またその代わりに、上流端が高置上水槽91に接続されるとともに、下流端が横管52に最上流部に接続された搬送管62と、この搬送管62の途中に設けられた開閉弁61とを備える点が相違する。その他の構成は第5実施形態と同様である。
【0074】
本実施形態によれば、開閉弁61を間欠的に一定時間、開弁することで、高置上水槽91内の上水を、搬送管62を介して横管52に最上流部に直接供給できるため、横管52の詰まりを確実に回避できる。
【0075】
[第7実施形態]
図15は、本発明の第7実施形態に係る汚物搬送システム7の構成を示す図である。
本実施形態に係る汚物搬送システム7は、上述の第6実施形態と比べて、集合住宅9の屋上等に配置された雨水受けパン71と、この雨水受けパン71により取得された雨水を高置上水槽91に供給する雨水供給管72とを備える点が相違する。その他の構成は第6実施形態と同様である。
【0076】
本実施形態によれば、雨水受けパン71で取得した雨水を、雨水供給管72を介して高置上水槽91に供給することで、雨水を有効利用できる。
【0077】
[第8実施形態]
図16は、本発明の第8実施形態に係る汚物搬送システム10の構成を示す図である。
本実施形態に係る汚物搬送システム10は、上述の第5実施形態と比べて、横管52に延出部52Xが設けられている点と、搬送ポンプ54及び搬送管55が設けられていない点が相違する。また、搬送水タンク21と、搬送管22と、搬送弁23と、搬送水供給口24と、を備える点が相違する。その他の構成は第5実施形態と同様である。
【0078】
搬送水タンク21内には、所定量の搬送水が貯留される。
搬送管22は、上流側が搬送水タンク21に接続され、下流側が後述する搬送水供給口24に接続される。この搬送管22には、後述する搬送弁が開くことで、搬送水が流通する。

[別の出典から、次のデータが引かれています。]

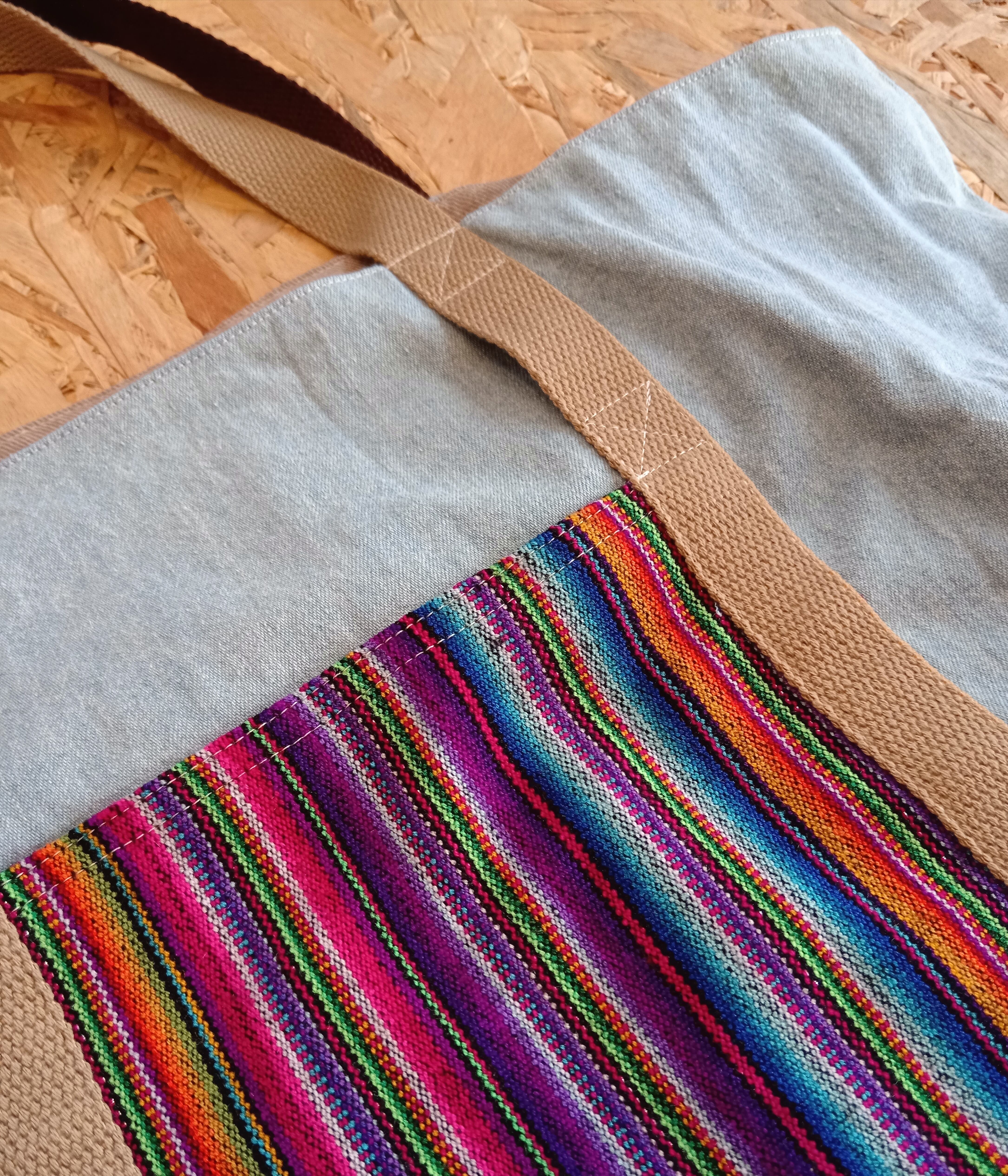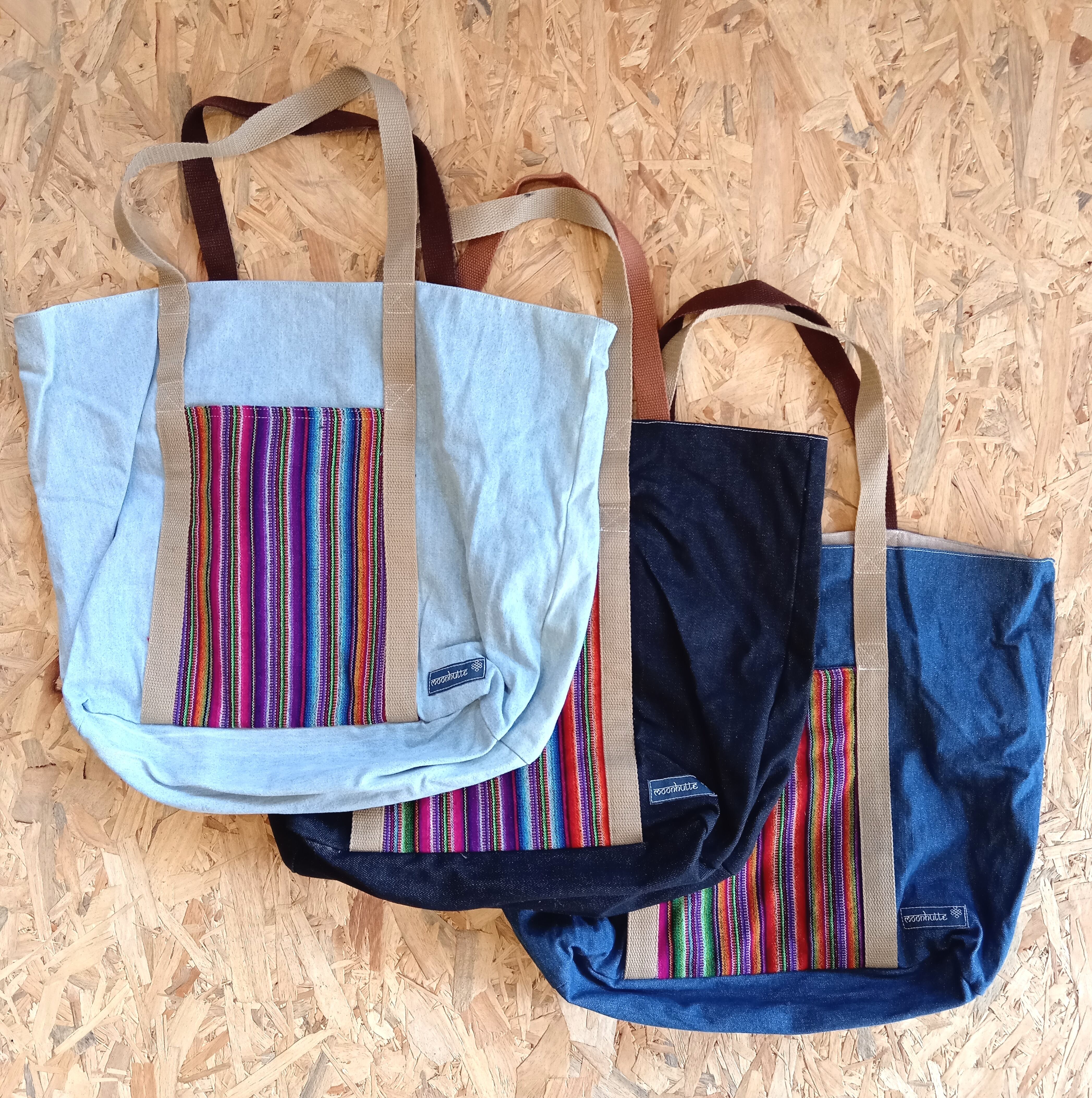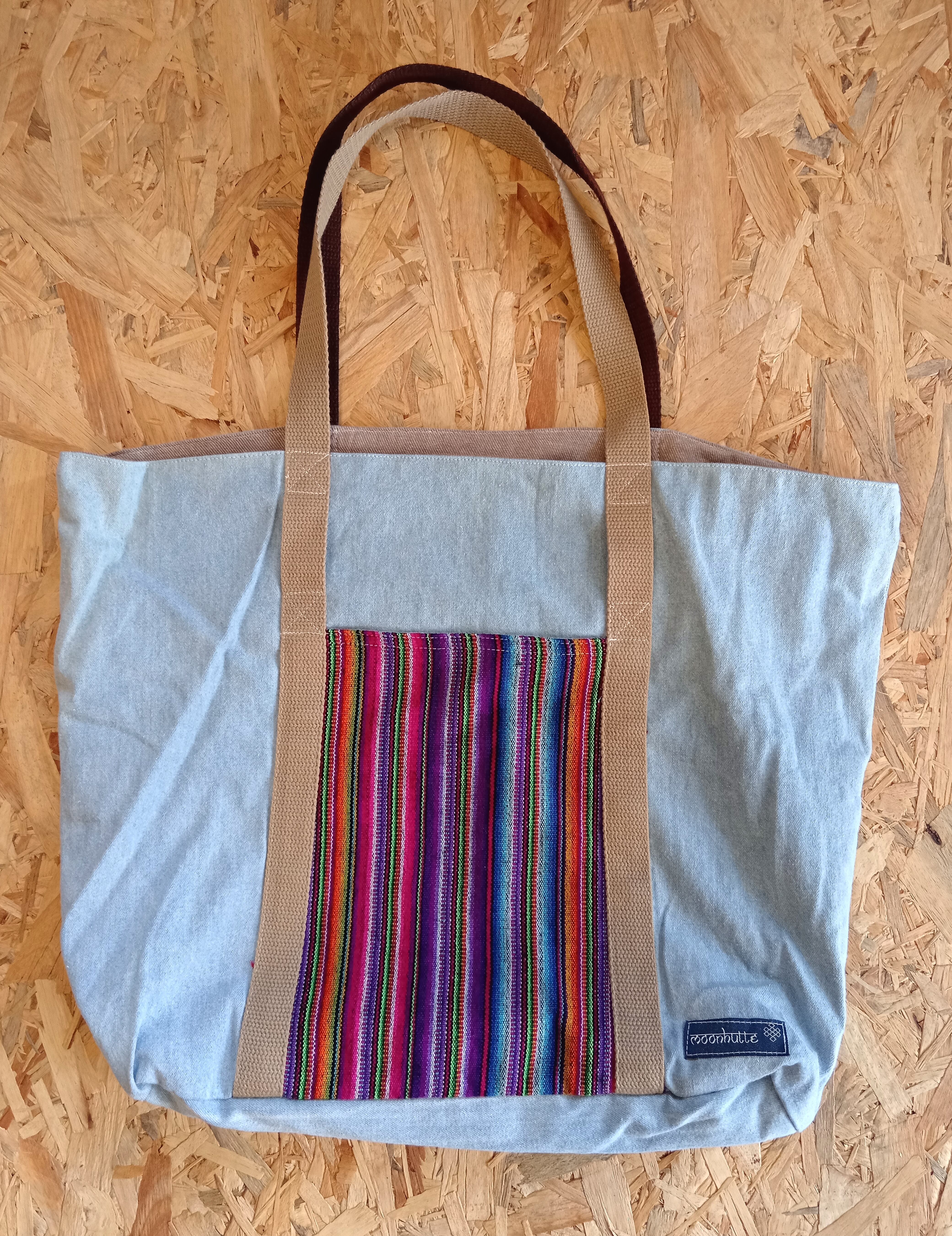 Tote bag ~ Denim x Tribe "PERU" Washed Blue

搬送弁23は、搬送管22の途中に設けられる。搬送弁23は、間欠的に一定時間、開弁するように設定される。この搬送弁23が開くことで、搬送水タンク21内の搬送水が横管52の最上流部に供給される。また、この搬送弁23が閉じることで、搬送水の供給が停止される。
搬送水供給口24は、横管52の最上流部に設けられる。搬送水供給口24は、無底円錐台形状を有し、下流側、即ち横管52側ほど小径となるように配置される。この搬送水供給口24には上述の搬送管22が接続され、この搬送水供給口24を介して、搬送水が横管52の最上流部に供給される。
【0079】
本実施形態によれば、第5実施形態と同様の効果が奏される。
【0080】
なお、本発明は上記実施形態に限定されるものではなく、本発明の目的を達成できる範囲内での変形、改良等は本発明に含まれる。
例えば上記実施形態では、第1磁性部材115,315及び第2磁性部材116,316としていずれも磁石を用いたが、これに限定されない。これらのうち少なくとも一方が自発的に磁気を発する磁石であればよく、他方は磁性体を用いてもよい。